It was aimed in this section to analyze the statistical reasoning of pre-service teachers who were studying 
elementary school mathematics teaching in the scope of analyzing and interpreting data within the context of 
the given model eliciting activity. The findings obtained for this reason were analyzed under four levels 
determined according to the theoretical framework developed by Jones et al. (2004). Table 2 shows the 
distribution of statistical reasoning of the pre-service teachers based on the levels. 

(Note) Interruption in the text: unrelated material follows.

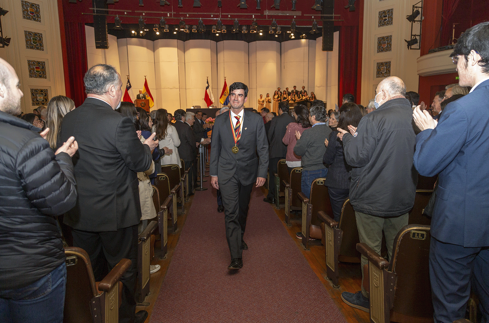 Para culminar el primer discurso de su mandato, el Rector Juan Yuz agradeció las buenas palabras recibidas destacando que “como la cara visible de una nueva administración, (valoro) las múltiples muestras de apoyo recibido de parte de colegas, funcionarios y funcionarias, exalumnos y estudiantes. En lo más personal agradezco a mi familia, pues sin todo lo que me han regalado a lo largo de mi vida, yo no estaría aquí”, cerró ante el aplauso del teatro.

Table 2: Statistical reasoning levels of pre-service teachers regarding the process of analyzing and interpreting 

data 


Levels 
School Year 

Level 1 

Level 2 

Level 3 

Level 4 

Year 2 

0 

14 

5 

0 

Year 3 

2 

6 

2 

0 

Total 

2 

20 

7 

0 


As it may be seen in the table above, only the first three of the levels determined in accordance with this 
framework were seen in the pre-service teachers. Level 4, which is the highest among these hierarchically- 
ordered levels, was not seen in the sample of implementation in the context of the given problem. The vast 
majority of the pre-service teachers (20 groups) were on Level 2. While the statistical reasoning of 7 groups was 
determined as Level 3, 2 of the groups were found to be on Level 1. There were no groups observed to be on 
Level 4. The statistical reasoning determined in the context of this modeling activity for each level are presented 
quoting the responses by the pre-service teachers. Additionally, short descriptions of all levels are provided in 
Table 3.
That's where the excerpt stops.